This is correct. In fact, it is common on LW to use the word "agent" to mean something that rigidly pursues a single goal as though it were infinitely important. The title of this post uses it this way. But no agents exist, in this sense, and no agents should exist. We are not agents and should not want to be, in that way.

On the other hand, this is bad way to use the word "agent", since it is better just to use it of humans as they are.

That's why I used the "(idealised) agent" description (but titles need to be punchier).

Though I think "simple" goal is incorrect. The goal can be extremely complex - much more complex that human preferences. There's no limit to the subtleties you can pack into a utility function. There is a utility function that will fit perfectly to every decision you make in your entire life, for example.

The reason to look for an idealised agent, though, is that a utility function is stable in a way that humans are not. If there is some stable utility function that encompasses human preferences (it might be something like "this is the range of human preferences" or similar) then, if given to an AI, the AI will not seek to transform humans into something else in order to satisfy our "preferences".

The AI has to be something of an agent, so it's model of human preferences has to be an agent-ish model.

"There is a utility function that will fit perfectly to every decision you make in your entire life, for example."

Sure, but I don't care about that. If two years from now a random glitch causes me to do something a bit different, which means that my full set of actions matches some slightly different utility function, I will not care at all.

Is that really the standard definition of agent though? Most textbooks I've seen talk of agents working towards the achievement of a goal, but it says nothing about the permanence of that goal system.

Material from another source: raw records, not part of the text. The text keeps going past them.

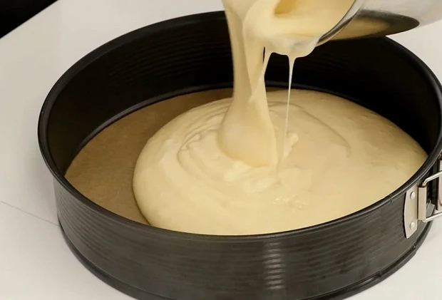 Положить желтки и разрыхлитель, продолжить взбивать, постепенно добавляя муку. Тесто должно получиться консистенции густой сметаны.
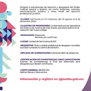 Puebla, Pue.- El Poder Judicial del Estado de Puebla y la Benemérita Universidad Autónoma del Estado de Puebla (BUAP) convocan a estudiantes de Derecho y abogados titulados a participar en el Primer Diplomado en Actualización sobre el Nuevo Código Nacional de Procedimientos Civiles y Familiares, el cual se llevará a cabo de agosto a diciembre de 2024.
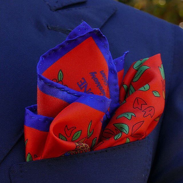 Não tenha medo de arriscar um lenço de cor forte ou com uma estampa chamativa, especialmente se a sua gravata for mais discreta (ou se você não estiver usando uma). Aliás, procure uma cor que combine com a gravata – mas não use as duas coisas no mesmo tom. Você também pode inovar na hora de dobrar o lenço, mudando a forma da pontinha que vai ficar para fora do bolso.
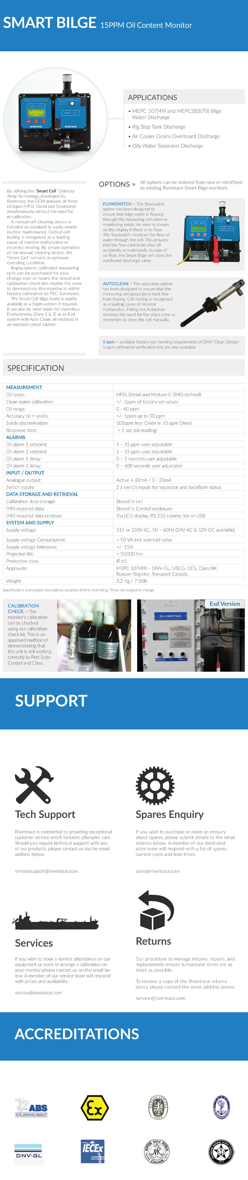 符合標(biāo)準(zhǔn): MEPC 107(49) – DNV-GL, USCG, CCS, Class NK, Russian Register, Transport Canada 性能亮點(diǎn): The OCM can analyse all three oil types simultaneously without the need for re-calibration ; Replacement calibrated measuring cells can be changed
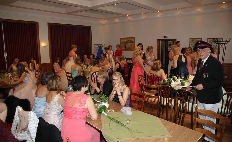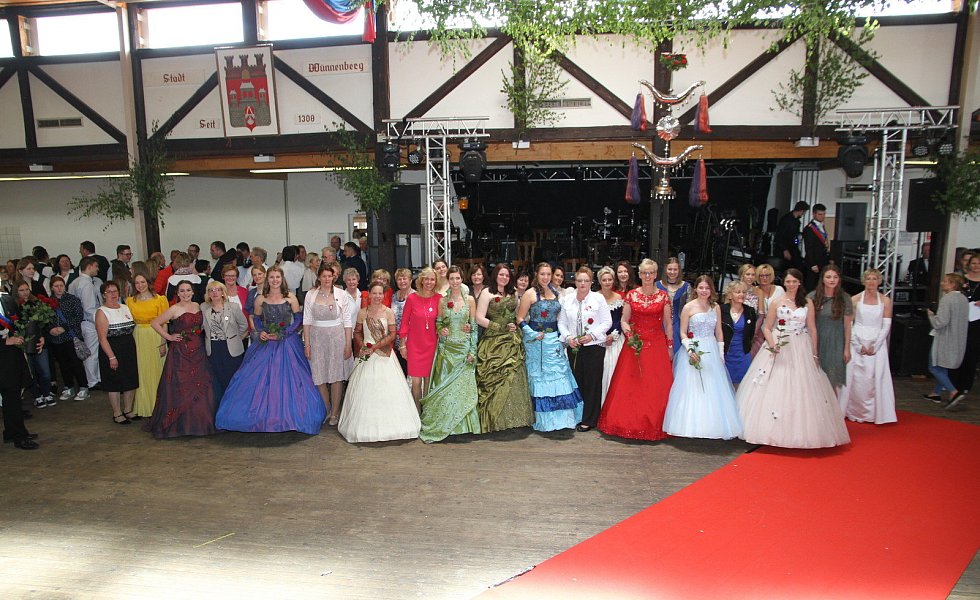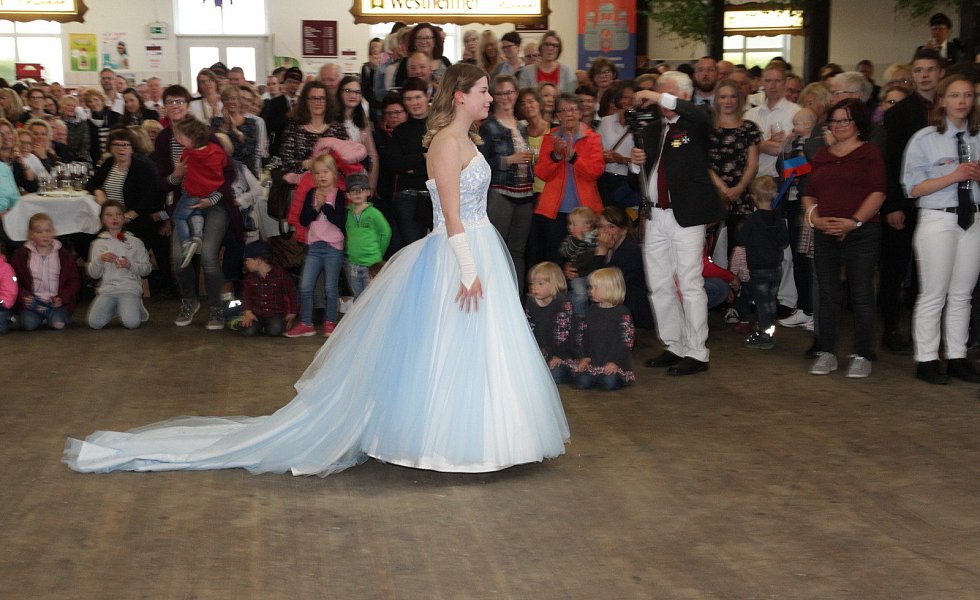 Die Spannung stieg schließlich, als der Rote Teppich ausgerollt wurde. Eine Modenschau, wie sie Bad Wünnenberg noch nie erlebt hatte, nahm ihren Anfang. 19 ehemalige Königinnen des Bad Wünnenberger Schützenverein hatte ihre Regentinnenkleider aus dem Schrank geholt und zeigten sie den beeindruckten Besuchern. Manche der ehemaligen Königinnen schickte eine Vertreterin. Und so traten Tochter, Schwiegertochter, Freundin, Patenkind oder Enkelin als Model in Aktion. Organisiert hatten diese Modenschau der Generationen Bianca Voits und Steffi Wecker.

I would expect an "idealized agent" to always take actions that maximize likelihood of achieving its goals, but that is orthogonal from whether the system of goals changes.

Then take my definition of agent in this post as "expected utility maximiser with a clear and distinct utility that is, in practice, Cartesianianly separated from the rest of the universe", and I'll try and be clearer in subsequent posts.

I think that any agent with a short single goal is dangerous, and such people are named "maniacs". Addicts also have only one goal.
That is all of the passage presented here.